Exercise directions
Please reproduce the records below exactly, omitting any pictures they contain.

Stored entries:
= = = = = = =

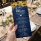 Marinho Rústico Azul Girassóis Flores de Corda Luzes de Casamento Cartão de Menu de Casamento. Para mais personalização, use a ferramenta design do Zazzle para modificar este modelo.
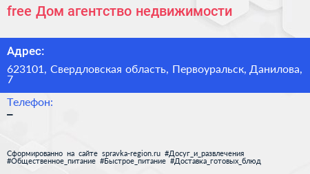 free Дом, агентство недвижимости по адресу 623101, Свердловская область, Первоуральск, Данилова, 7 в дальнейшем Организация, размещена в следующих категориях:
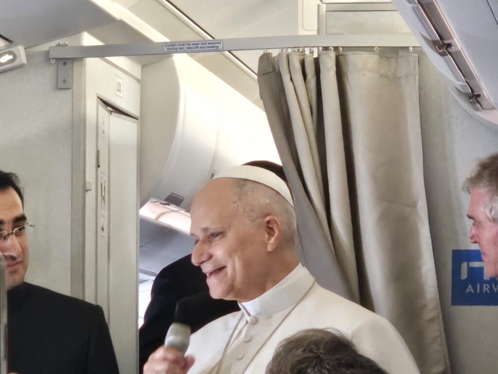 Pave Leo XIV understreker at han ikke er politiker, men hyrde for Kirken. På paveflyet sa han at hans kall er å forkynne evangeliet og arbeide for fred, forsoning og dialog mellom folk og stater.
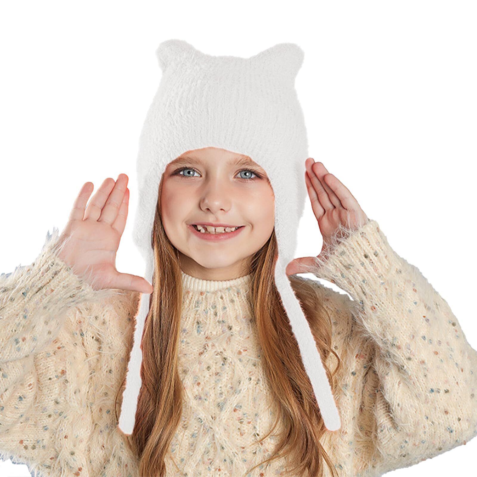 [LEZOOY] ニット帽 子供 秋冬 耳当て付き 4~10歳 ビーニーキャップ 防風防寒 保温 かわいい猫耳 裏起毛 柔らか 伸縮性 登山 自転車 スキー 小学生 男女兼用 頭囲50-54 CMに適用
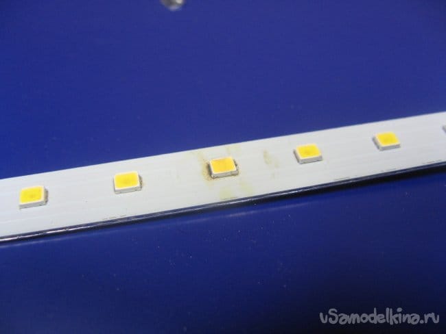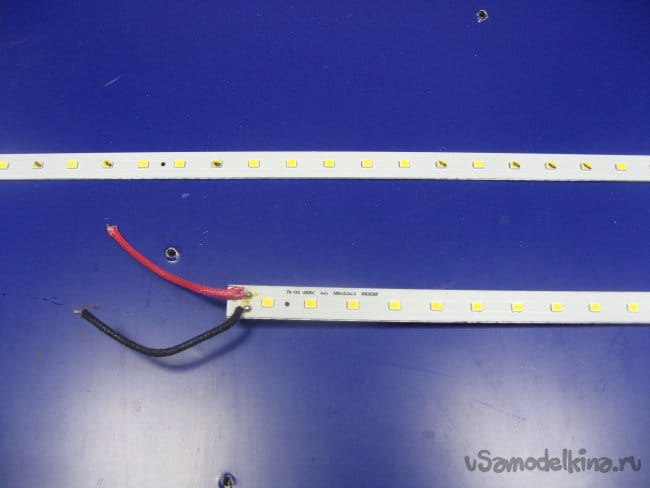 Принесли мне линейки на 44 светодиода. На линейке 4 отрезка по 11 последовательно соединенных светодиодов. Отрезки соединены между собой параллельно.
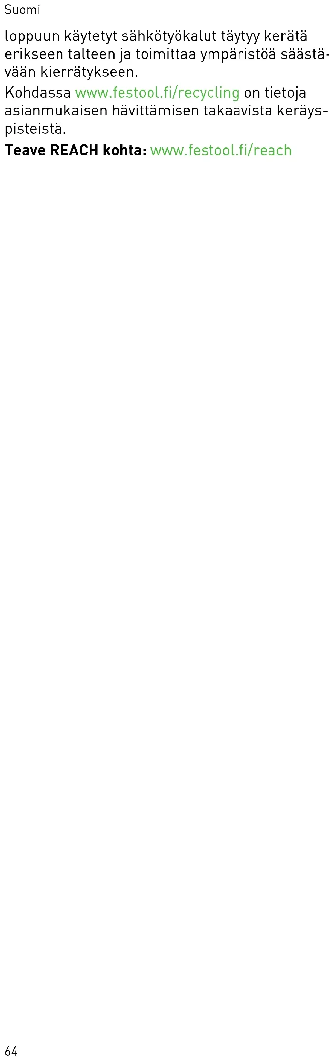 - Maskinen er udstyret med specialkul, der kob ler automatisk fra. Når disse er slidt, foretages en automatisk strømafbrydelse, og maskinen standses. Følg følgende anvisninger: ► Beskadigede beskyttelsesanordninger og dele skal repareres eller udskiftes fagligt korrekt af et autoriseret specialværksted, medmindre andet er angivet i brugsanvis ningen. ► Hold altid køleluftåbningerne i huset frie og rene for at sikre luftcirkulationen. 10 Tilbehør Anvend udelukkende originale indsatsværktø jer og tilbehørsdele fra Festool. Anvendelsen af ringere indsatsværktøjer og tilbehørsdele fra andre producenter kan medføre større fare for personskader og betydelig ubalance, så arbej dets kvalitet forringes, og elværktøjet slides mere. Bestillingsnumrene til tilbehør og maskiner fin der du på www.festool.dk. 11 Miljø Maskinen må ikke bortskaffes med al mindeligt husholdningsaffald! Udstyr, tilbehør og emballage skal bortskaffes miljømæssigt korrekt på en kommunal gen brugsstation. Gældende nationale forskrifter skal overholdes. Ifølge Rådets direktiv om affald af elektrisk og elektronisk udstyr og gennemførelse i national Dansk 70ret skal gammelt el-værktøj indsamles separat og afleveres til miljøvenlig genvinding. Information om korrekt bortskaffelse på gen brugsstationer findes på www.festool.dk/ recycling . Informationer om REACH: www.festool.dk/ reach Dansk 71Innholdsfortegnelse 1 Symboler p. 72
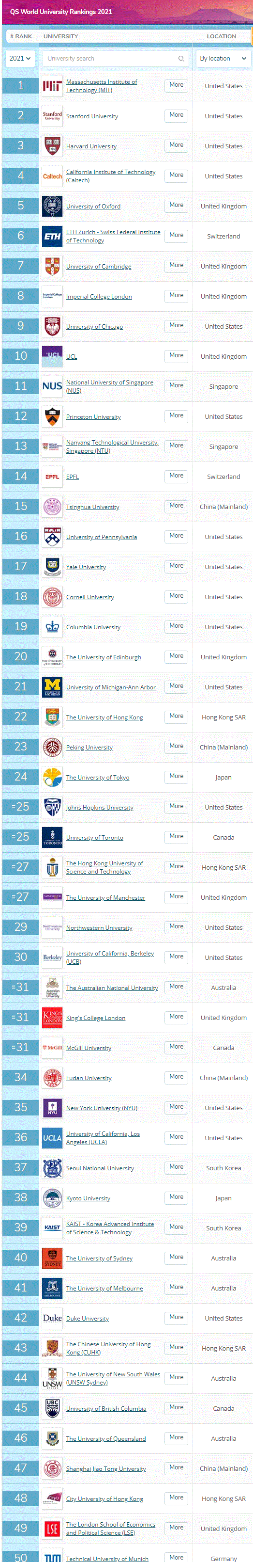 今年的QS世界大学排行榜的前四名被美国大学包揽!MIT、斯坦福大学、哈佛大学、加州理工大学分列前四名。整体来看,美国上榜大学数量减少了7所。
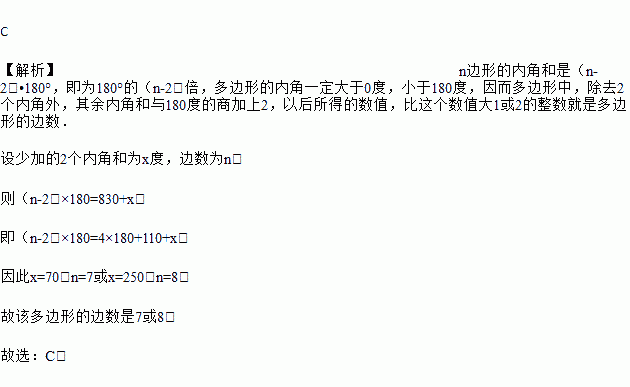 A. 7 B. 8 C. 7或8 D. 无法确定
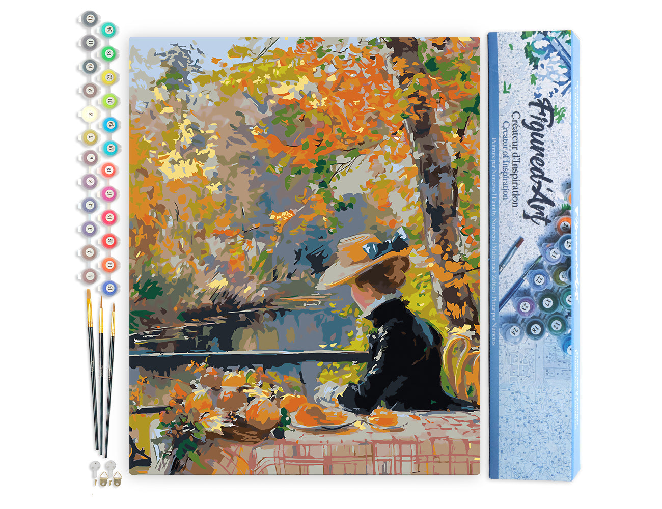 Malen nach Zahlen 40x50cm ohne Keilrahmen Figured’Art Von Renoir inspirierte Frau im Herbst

= = = = = = =

Expected answer
 Marinho Rústico Azul Girassóis Flores de Corda Luzes de Casamento Cartão de Menu de Casamento. Para mais personalização, use a ferramenta design do Zazzle para modificar este modelo.
 free Дом, агентство недвижимости по адресу 623101, Свердловская область, Первоуральск, Данилова, 7 в дальнейшем Организация, размещена в следующих категориях:
 Pave Leo XIV understreker at han ikke er politiker, men hyrde for Kirken. På paveflyet sa han at hans kall er å forkynne evangeliet og arbeide for fred, forsoning og dialog mellom folk og stater.
 [LEZOOY] ニット帽 子供 秋冬 耳当て付き 4~10歳 ビーニーキャップ 防風防寒 保温 かわいい猫耳 裏起毛 柔らか 伸縮性 登山 自転車 スキー 小学生 男女兼用 頭囲50-54 CMに適用
 Принесли мне линейки на 44 светодиода. На линейке 4 отрезка по 11 последовательно соединенных светодиодов. Отрезки соединены между собой параллельно.
 - Maskinen er udstyret med specialkul, der kob ler automatisk fra. Når disse er slidt, foretages en automatisk strømafbrydelse, og maskinen standses. Følg følgende anvisninger: ► Beskadigede beskyttelsesanordninger og dele skal repareres eller udskiftes fagligt korrekt af et autoriseret specialværksted, medmindre andet er angivet i brugsanvis ningen. ► Hold altid køleluftåbningerne i huset frie og rene for at sikre luftcirkulationen. 10 Tilbehør Anvend udelukkende originale indsatsværktø jer og tilbehørsdele fra Festool. Anvendelsen af ringere indsatsværktøjer og tilbehørsdele fra andre producenter kan medføre større fare for personskader og betydelig ubalance, så arbej dets kvalitet forringes, og elværktøjet slides mere. Bestillingsnumrene til tilbehør og maskiner fin der du på www.festool.dk. 11 Miljø Maskinen må ikke bortskaffes med al mindeligt husholdningsaffald! Udstyr, tilbehør og emballage skal bortskaffes miljømæssigt korrekt på en kommunal gen brugsstation. Gældende nationale forskrifter skal overholdes. Ifølge Rådets direktiv om affald af elektrisk og elektronisk udstyr og gennemførelse i national Dansk 70ret skal gammelt el-værktøj indsamles separat og afleveres til miljøvenlig genvinding. Information om korrekt bortskaffelse på gen brugsstationer findes på www.festool.dk/ recycling . Informationer om REACH: www.festool.dk/ reach Dansk 71Innholdsfortegnelse 1 Symboler p. 72
 今年的QS世界大学排行榜的前四名被美国大学包揽!MIT、斯坦福大学、哈佛大学、加州理工大学分列前四名。整体来看,美国上榜大学数量减少了7所。
 A. 7 B. 8 C. 7或8 D. 无法确定
 Malen nach Zahlen 40x50cm ohne Keilrahmen Figured’Art Von Renoir inspirierte Frau im Herbst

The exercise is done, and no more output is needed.